Conselho do MP aprova resolução que disciplina grampo

O Conselho Nacional do Ministério Público aprovou ontem, por unanimidade, proposta de resolução que disciplina os pedidos de interceptações telefônicas e a utilização das respectivas informações por promotores de Justiça e procuradores da República de todo o País. Segundo o conselheiro Cláudio Barros, autor da proposta, a edição da resolução justifica-se pela “necessidade de estabelecer a uniformização, a padronização e requisitos rígidos na utilização dos dados referentes às autorizações de interceptações telefônicas em todo o Ministério Público”.

Agência Estado |

Barros é procurador de Justiça do Ministério Público do Rio Grande do Sul.

A resolução veta, expressamente, a realização de interceptações de comunicações telefônicas, de informática ou telemática, ou a quebra do segredo de Justiça sem autorização judicial ou com objetivos não autorizados em lei. De acordo com a resolução, promotores e procuradores estão proibidos de fornecer, “direta ou indiretamente, a terceiros ou a órgãos de comunicação social, gravações ou transcrições contidas em processos ou investigações criminais”.

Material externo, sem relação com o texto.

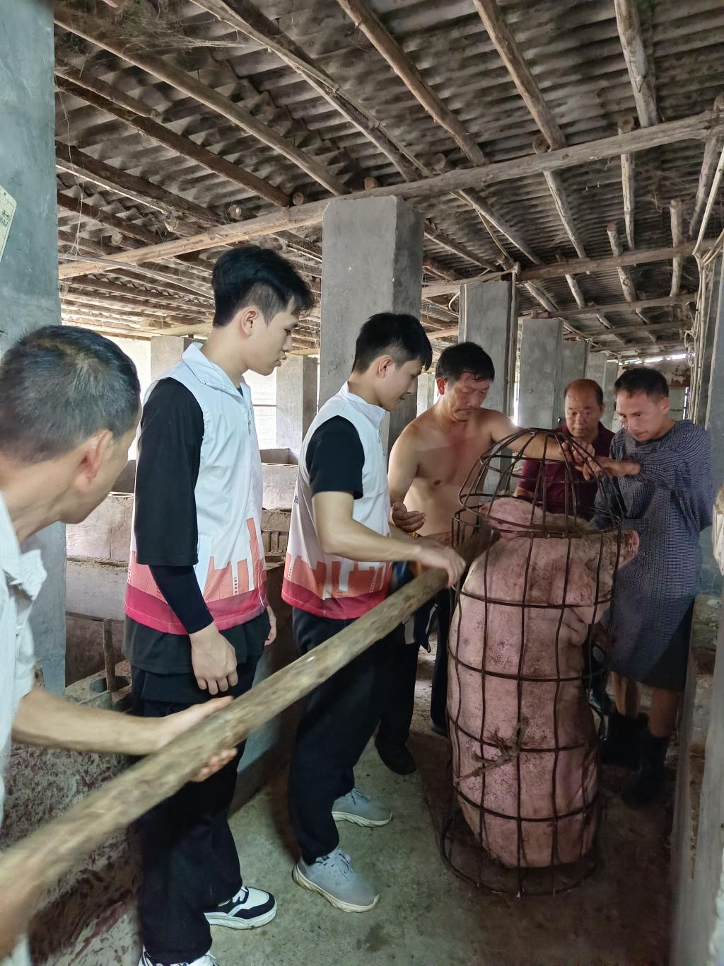 7月21日,村委带领实践团前往参观卡才村特色产业基地——弄累屯巴马香猪养殖场。卡才村党支部立足山区实际,积极探索特色养殖业发展之路。通过打造党员能人带动业发展工程示范基地,加快香猪养殖基地和小谷鸡养殖基地的产业转型升级,引进养殖企业进驻。在养殖基地,实践团成员实地参观了巴马香猪的养殖场所,了解香猪养殖情况和产业发展状况,还亲身参与了喂猪、打扫猪栏等劳动。通过参观体验,实践团成员深深感受到了卡才村在特色产业发展上所展现出的勃勃生机与源源不断的产业生命力,对乡村振兴的美好前景充满了信心与期待。

Os dados que não interessarem diretamente às provas, na instrução processual, deverão ser destruídos, com acompanhamento do membro do Ministério Público. O promotor ou procurador responsável pela investigação criminal ou instrução penal também deverá, de acordo com o texto aprovado, comunicar mensalmente à corregedoria de cada unidade do Ministério Público a quantidade de interceptações em andamento e o número de pessoas que tiveram quebrado o sigilo telefônico, telemático ou informático. As informações são do jornal O Estado de S. Paulo.